Task directions >> Can you copy out the data exactly? Leave the images out.

══ Source material ══

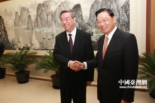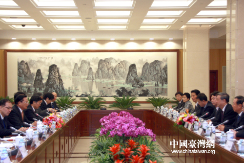 10月29日,臺灣海基會董事長江丙坤率領的海基會新聞交流團一行訪問新華社。這是新華社社長李從軍會見江丙坤一行。(中國臺灣網 田云鵬 攝)
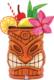 Bring island vibes to your bar with this vibrant tiki mug featuring a carved wooden face, tropical fruit garnish, "aloha" flair, and colorful cocktail-ready design. Perfect for luau parties & tiki-themed events.
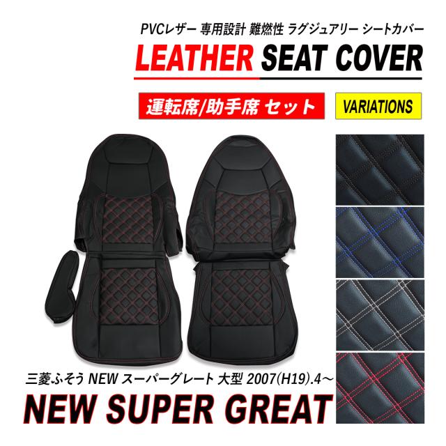 NEW スーパーグレート 大型 シートカバー PVC レザー 運転席 助手席 セット ダイヤカット キルト H19.4〜

═══

Result >>
 10月29日,臺灣海基會董事長江丙坤率領的海基會新聞交流團一行訪問新華社。這是新華社社長李從軍會見江丙坤一行。(中國臺灣網 田云鵬 攝)
 Bring island vibes to your bar with this vibrant tiki mug featuring a carved wooden face, tropical fruit garnish, "aloha" flair, and colorful cocktail-ready design. Perfect for luau parties & tiki-themed events.
 NEW スーパーグレート 大型 シートカバー PVC レザー 運転席 助手席 セット ダイヤカット キルト H19.4〜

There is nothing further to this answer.